(Work instruction)
Could the lines from the top of the material to the line that contains "시계 제작자가 시계 기계장치를 조립하는 모습" be retyped exactly, both included and pictures omitted?
[Exercise data — start]
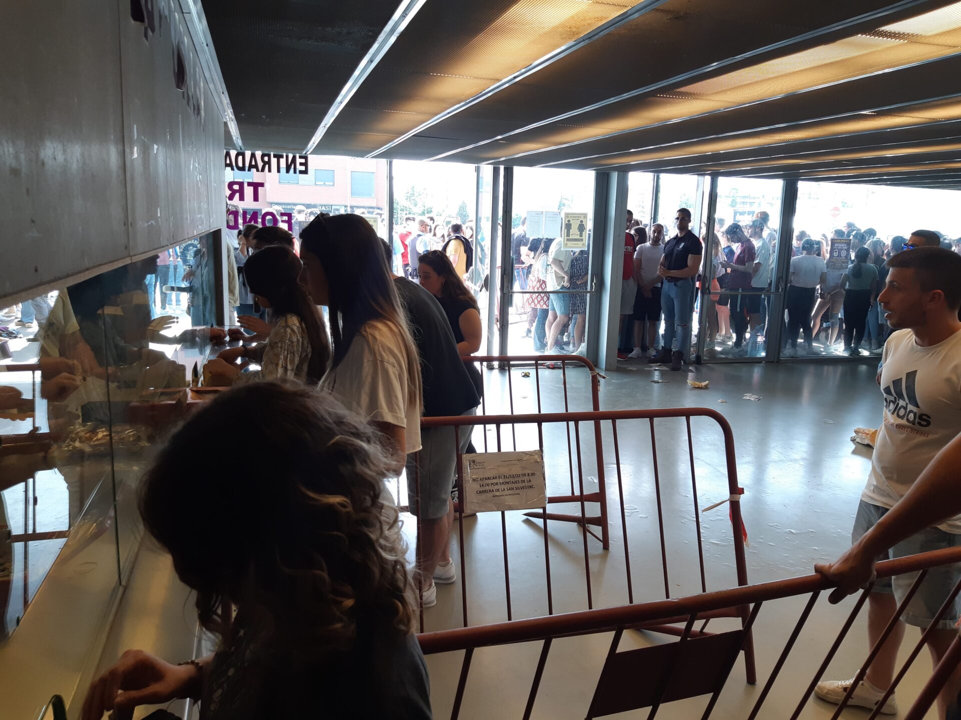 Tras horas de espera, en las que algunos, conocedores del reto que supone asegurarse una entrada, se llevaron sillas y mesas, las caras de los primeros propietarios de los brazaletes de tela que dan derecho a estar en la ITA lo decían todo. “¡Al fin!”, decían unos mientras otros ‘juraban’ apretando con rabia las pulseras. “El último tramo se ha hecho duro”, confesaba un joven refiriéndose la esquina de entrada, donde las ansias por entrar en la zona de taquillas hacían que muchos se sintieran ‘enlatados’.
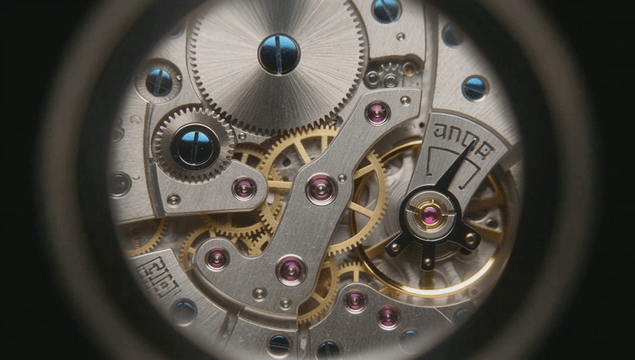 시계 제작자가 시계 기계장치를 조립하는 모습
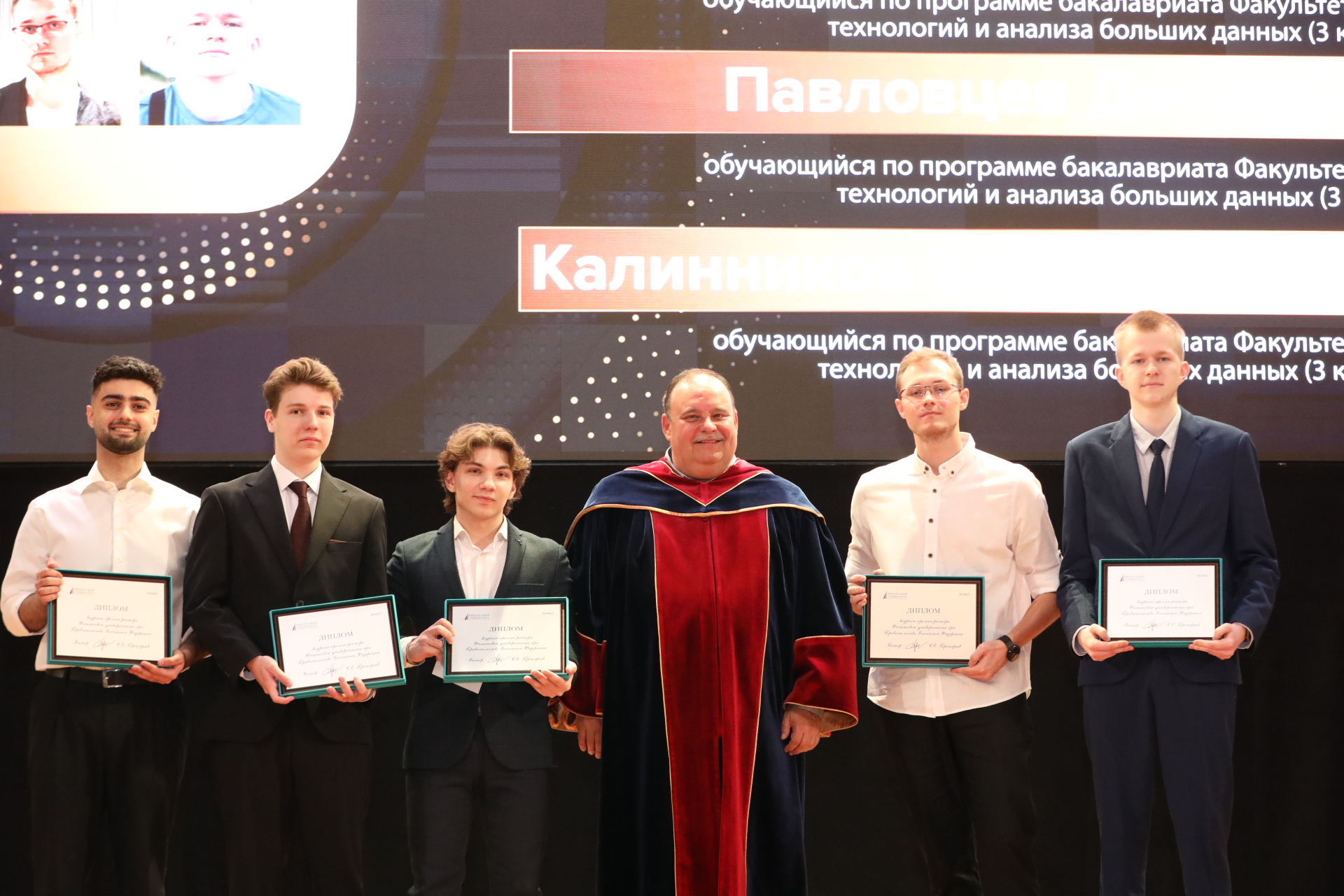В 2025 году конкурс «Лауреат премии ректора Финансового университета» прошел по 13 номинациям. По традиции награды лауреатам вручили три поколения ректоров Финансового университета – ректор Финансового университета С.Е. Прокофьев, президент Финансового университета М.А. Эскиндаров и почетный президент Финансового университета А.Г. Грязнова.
[Exercise data — finish]
(Response area)
 Tras horas de espera, en las que algunos, conocedores del reto que supone asegurarse una entrada, se llevaron sillas y mesas, las caras de los primeros propietarios de los brazaletes de tela que dan derecho a estar en la ITA lo decían todo. “¡Al fin!”, decían unos mientras otros ‘juraban’ apretando con rabia las pulseras. “El último tramo se ha hecho duro”, confesaba un joven refiriéndose la esquina de entrada, donde las ansias por entrar en la zona de taquillas hacían que muchos se sintieran ‘enlatados’.
 시계 제작자가 시계 기계장치를 조립하는 모습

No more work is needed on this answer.